Extracted data entries
*** Block opens ***

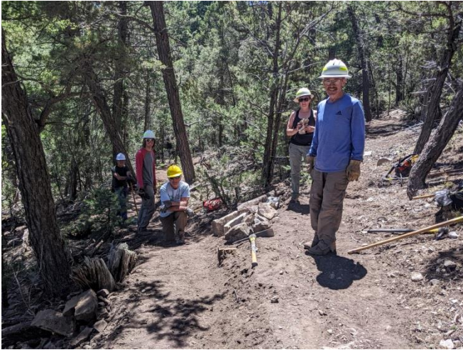
The new junction with Cañoncito Trail (looking west)
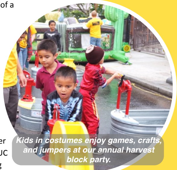
Kids in costumes enjoy games, crafts, and jumpers at our annual harvest block party.

You can also give online at www.redeemercp.org Don't forget to include your address so we can send you your gift!
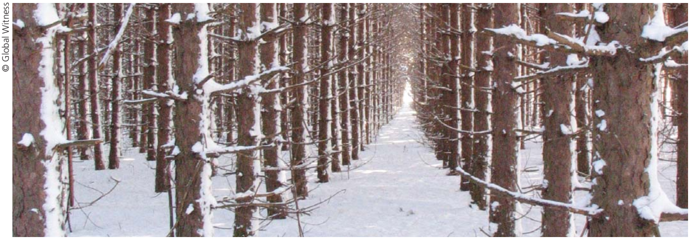
The Northern model of sustained yield forestry is based on conversion of primary forests to managed stands. Ontario, Canada 2004

SFM has also proven to be difficult if not impossible to regulate due to inadequate forest law enforcement and poor governance. Most countries which stand to benefit from REDD suffer to varying degrees from: poor legal frameworks, poor enforcement of even good legal frameworks, illegal logging (both by legitimate and illicit actors), non-compliance with relevant laws and guidelines, corruption and patronage between political and business elites and the logging industry, and weak institutions.
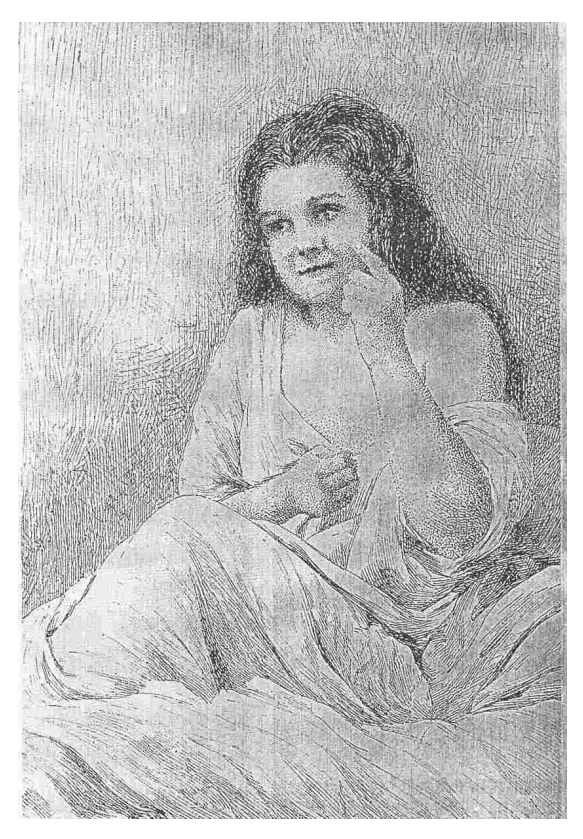
Figure 3: Paul Regnard, Les maladies épidémiques de l'esprit: sorcellerie magnétisme, morphisme, délire des grandeurs. (Paris: E. Plon, Nourrit et Cie, 1887), p. 87. (Bethesda, Md.: National Library of Medicine).

The most striking feature of this image is Ensslin's eyes which look to the side with a curious expression. As figures 3 demonstrates, the eyes are a central signifier – "the real clue" (Gilman 384) - of hysteria and visual hallucinations in the visual iconography of hysteria:

*** Block closes ***

WHAT TO DO.
Each line from the first line of the records through the line containing "You can also" must be reproduced exactly, with both ends included and all pictures omitted; nothing else belongs in the answer.

RESPONSE BELOW.
The new junction with Cañoncito Trail (looking west)
Kids in costumes enjoy games, crafts, and jumpers at our annual harvest block party.

You can also give online at www.redeemercp.org Don't forget to include your address so we can send you your gift!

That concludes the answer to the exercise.